Bridge to Harbor Point to cost nearly $47 million

To pay for project, the city used $35 million in federal funds earmarked for other construction, including the long-delayed Harford Road Bridge over Herring Run.

Above: The new bridge will extend Central Avenue at this point across an old canal to the Harbor Point development. (Mark Reutter)

That’s $179,923 a foot.

Building the 260-foot-long Central Avenue Bridge, linking Harbor Point with Harbor East, will cost $46.78 million under a contract approved yesterday by the Board of Estimates.

Allan Myers, a Pennsylvania construction company, was awarded the design-build contract for the first major new bridge in Baltimore in more than a decade.

The bridge will serve the 27-acre Harbor Point site, whose first phase of construction includes the Exelon Tower, a 350,000-square-foot residential apartment building, large parking garage and landscaped park.

The project comes amid a backlog of other roads projects in Baltimore.

To pay for the bridge, the city reallocated $35 million in federal funds originally earmarked for other construction.

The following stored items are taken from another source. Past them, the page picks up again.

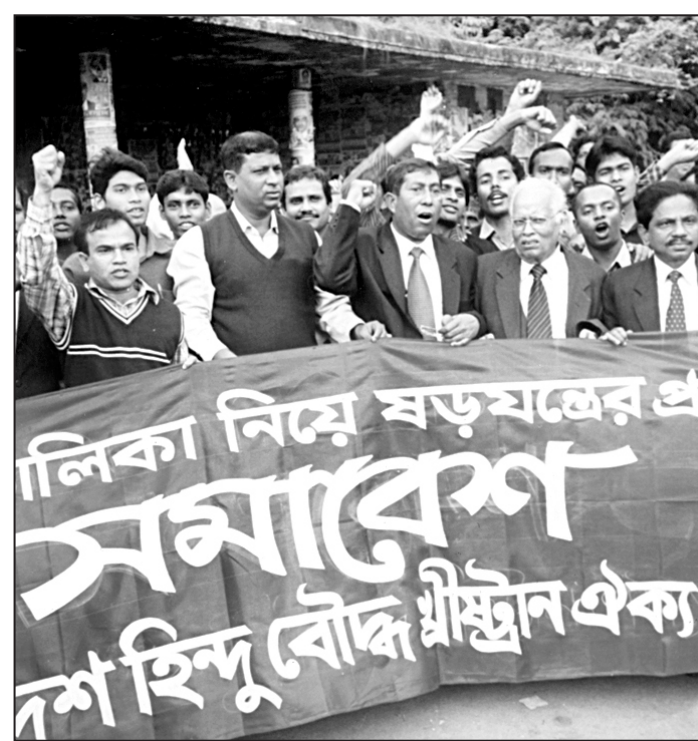
Bangladesh Hindu Boudhha Christian Oikya Parishad stages a demonstration at Mukhtangan in the city yesterday protesting the 'conspiracy' over voter listing.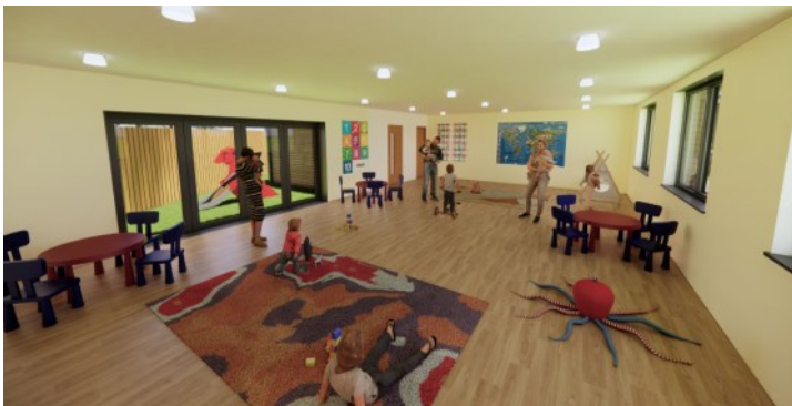
Perspective views of proposed hall and nursery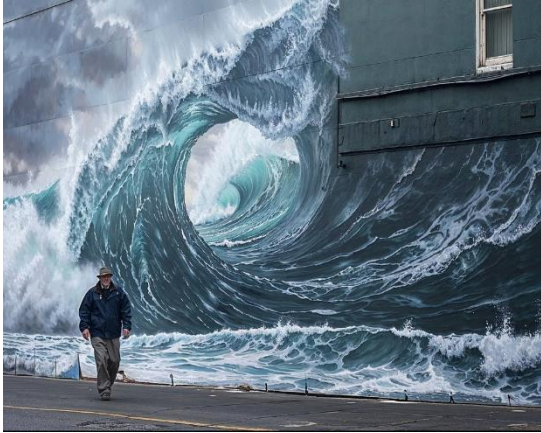
Morning Walk by the Fulkrum (ukn)

I liked the concept of this picture with the man enjoying a calming stroll while everything is coming apart around him. I also was required to accept that it was some sort of science fiction painting with unnatural rotational forces at play to create those waves.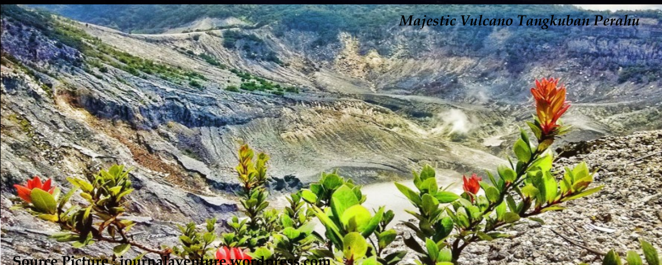
Majestic Vulcano Tangkuban Perahu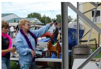
And the bidding begins!!!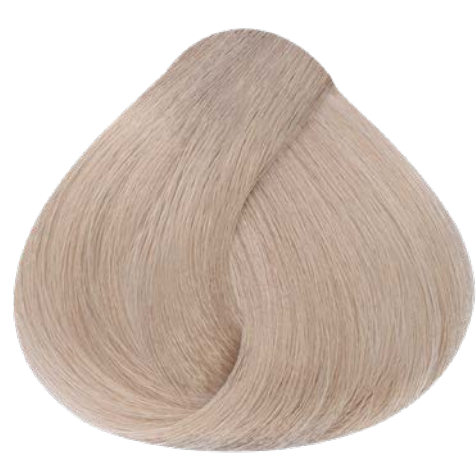
10.05 LIGHTEST BLONDE SOFT MAHOGANY SUEDES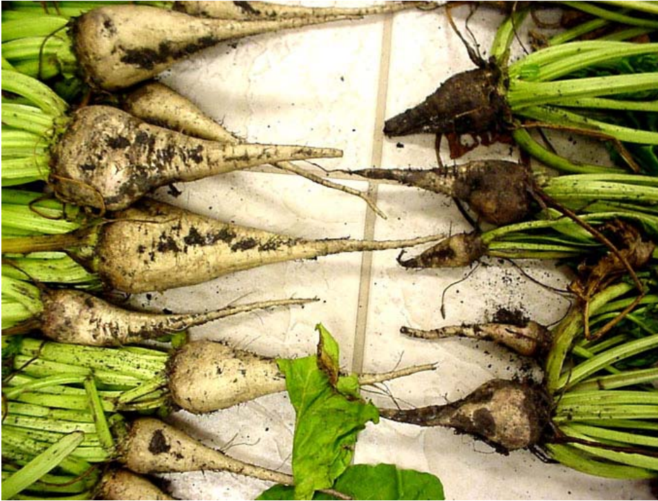
Figure 9. Comparison of healthy Sugarbeets (left, spent lime applied) and Aphanomyces infected sugarbeets (right, no spent lime applied). Spent lime application difference from the Sand Syndrome study.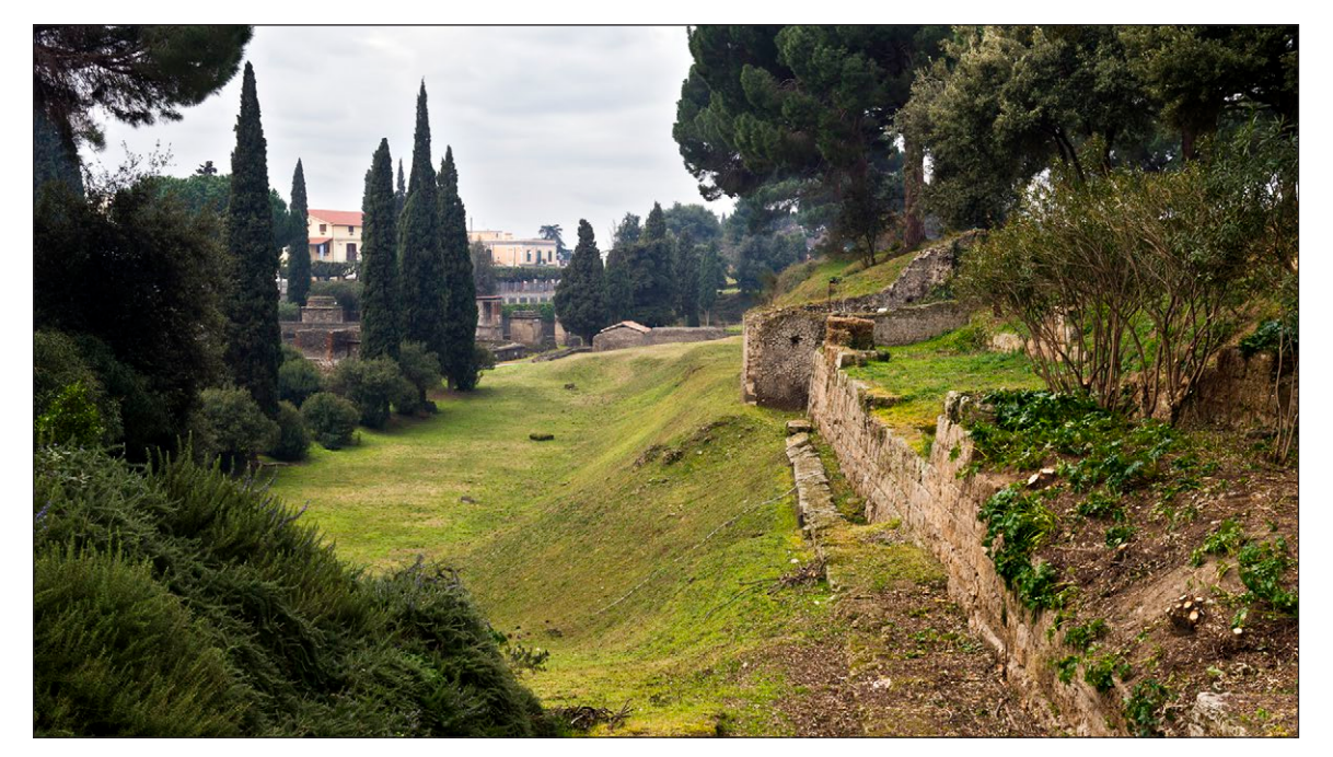
Figure 2: Area behind the Tetrapylon tomb, Porta Nocera necropolis (Pompeii) in February 2012 (Photo: Darren Puttock. Reproduced under CC-BY-NC-ND 2.0 License).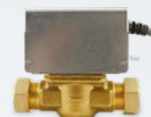
2 PORT ZONE VALVE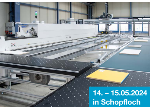
14. – 15.05.2024 in Schopfloch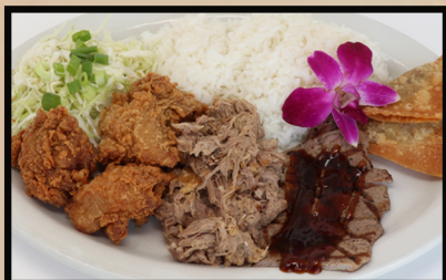
Lahaina Platter #1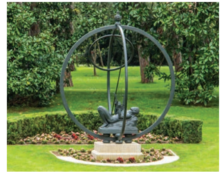
A statue of Orpheus rests on the armillary sphere in the South Garden.

each side with connecting semi-circular planters containing beds of annual flowers. Golden raintrees and pink crepe myrtle border the planters. At the far end of the garden is a bronze statue of the legendary Thracian poet and musician Orpheus circumscribed by an armillary sphere with a sundial.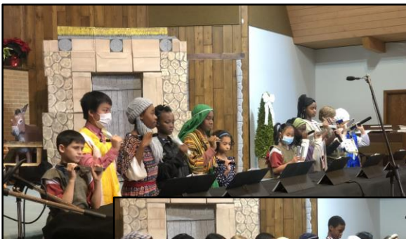
Students play handbells and chimes for special music.

Parkview Sabbath was a great success. Thank you to our teachers for working so diligently with the students to put on a great program. Thank you as well to our parents who worked with their child(ren) from home and supported our school with their presence. If you were unable to attend or would like to enjoy the service again, you can visit the Westvale SDA Church's YouTube channel or Facebook page.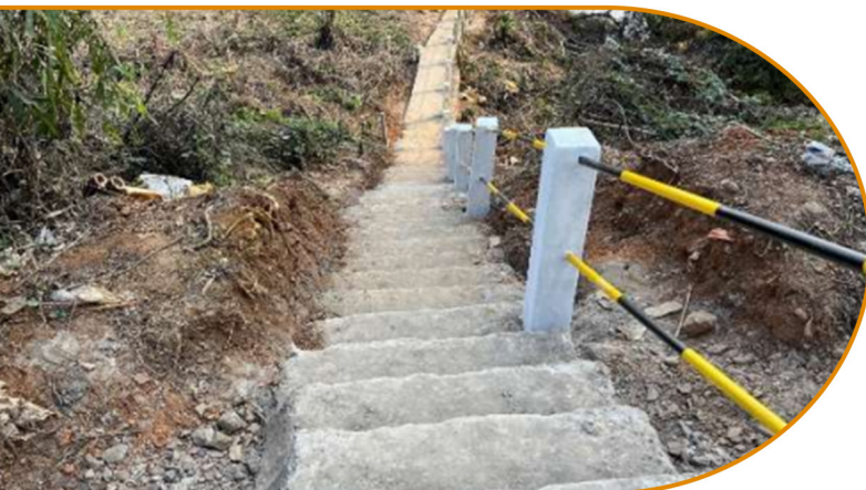
Construction of stairs from NH6 to washing point of Thangskai village

Those projects included the realignment of Boston Street between Canton Crossing and I-95 and a new bridge over Herring Run, replacing the badly deteriorated Harford Road bridge.

Clarification: In 2013, when the city agreed to build the Harbor Point Bridge (as opposed to having developer Michael Beatty build the bridge and foot the bill), it committed federal highway funds to “fast-track” the bridge over other infrastructure projects, including the Harford Road Bridge over Herring Run and realigning Boston Street through Canton. Yesterday, the Board of Estimates formally allocated $35 million of federal funds to pay for the Harbor Point Bridge.

Originally planned to be completed in February 2016, the Harbor Point bridge is now expected to open in 2018.

About $6.6 million of the construction costs will be financed by TIF (tax increment financing) bonds awarded to the Beatty Development Group, Harbor Point’s developer, by the Rawlings-Blake administration.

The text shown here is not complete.